For generations of Germans, Potsdam's Garrison Church represented Prussian traditions. The bells of its carillon punctuated every half hour with the melancholy song set to a Mozart melody: "Always practice loyalty and honesty to the coolness of your grave" (Ueb immer Treu und Redlichkeit . . . ). From 1797 to 1945 the bells resounded throughout the city, dominating the cadence of hobnailed boots and the drums of Potsdam's elite guard regiments. In the simple crypt beneath the high church tower rested the remains of Frederick William 1, the founder of the Brandenburg-Prussian army and Frederick II, the military genius responsible for Prussia's glory and power. The two rulers had created the symbols and structure of authority and tradition for all Germans.1
These traditions were essential for the continuity of the national state and its citizens. They provided a basis for communal feeling, national education, human values, social deportment, emotional feeling, and collective history. In the sense of identifiable characteristics they suggested discipline, order, structure, punctuality, diligence, honesty, hard work, loyalty, obedience, character, etc. These Prussian traits, as perceived by all Germans and most foreigners, provided the foundation for German unity, purpose, and continuity.2 Clearly these attributes were essential to national self-understanding and direction. They were, despite occasional misuse, standards which Germans viewed as collective and individual regulations essential for themselves and their country.
For professional soldiers these broad requirements provided basic principles of lifelong conduct. The bureaucratic rules and regulations administering them were harsh in judgment and swift in execution. All soldiers, irrespective of station, background, or position, knew the requirements and understood the price of controvertion. Around them were the reminders of proper participation-barrack's names, unit designations, national holidays, elderly heroes, military museums. While history books seldom detailed the errors of those individuals who failed these rules, oral tradition maintained the records of personal disaster through generations. This world was harsh but clear. Before 1914 Germany had a well-defined history validating its past, justifying its present, and maintaining faith in its future. There were no doubts.

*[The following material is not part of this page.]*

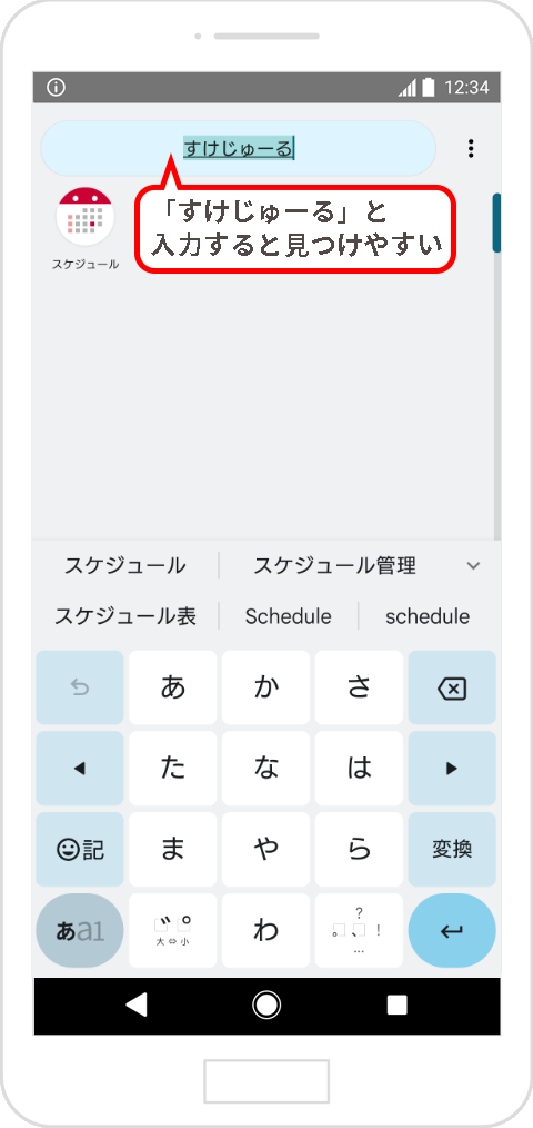 検索バーに「すけじゅーる」と入力するとすぐに見つかります。
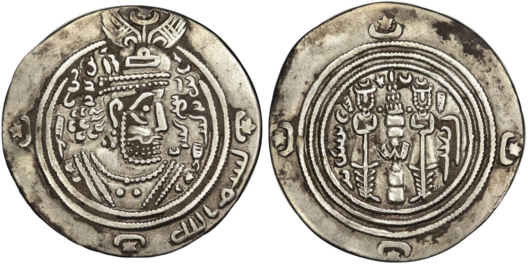 ARAB SASANIAN: 'Abd Allah Ibn 'Amir Ibn Kurayz (661-664), silver dirham (2.74g), BYSh (Bishapur) mint, AH 44. Patronymic cited. A-6. Very fine.

The loss of World War I shattered this confidence about purpose and being. Despite the sacrifices and slaughter Germany's win had not prevailed at the end. Throughout the world Germany and Germans suffered the emotional opprobrium and material tragedy of defeat. They required time to fit this national and personal catastrophe into their traditions, which they began to doubt. History did not provide that opportunity. With inflation, prosperity, and depression alternating in one decade; with inexperienced and unpopular political leadership providing different messages; with unknown and uncertain social forces shifting directions, the general populace accepted the messianic enticements of Adolf Hitler. His siren call of easy answers, refined traditions, and renewed direction attracted many and confused everyone.
No institution or organization could avoid the Nazi monster for long. This point of confrontation between the known, the acceptable, the historical and the unknown, untested, and unclear was inevitable. Few observers (then or now) sought to understand this confrontational predicament, which required an immediate answer. The German traditions espoused by Hitler and his Nazi thugs were far different from those represented by the Garrison church. They used immediacy, emotion, instability, noise, conflict, hate; a range of exhilarating emotions foreign to tradition and history. Individuals from every social group, age level, economic position confronted this grotesque reality and the immediate, unsavory decision required by the new order. Few possessed any clear guideline or understanding of the choice between obedience and resistance. The former course was easier and purchased time while the latter went against all tradition and belief. Very few citizens understood the seriousness of the conflict or the probable consequence of delay or indecision.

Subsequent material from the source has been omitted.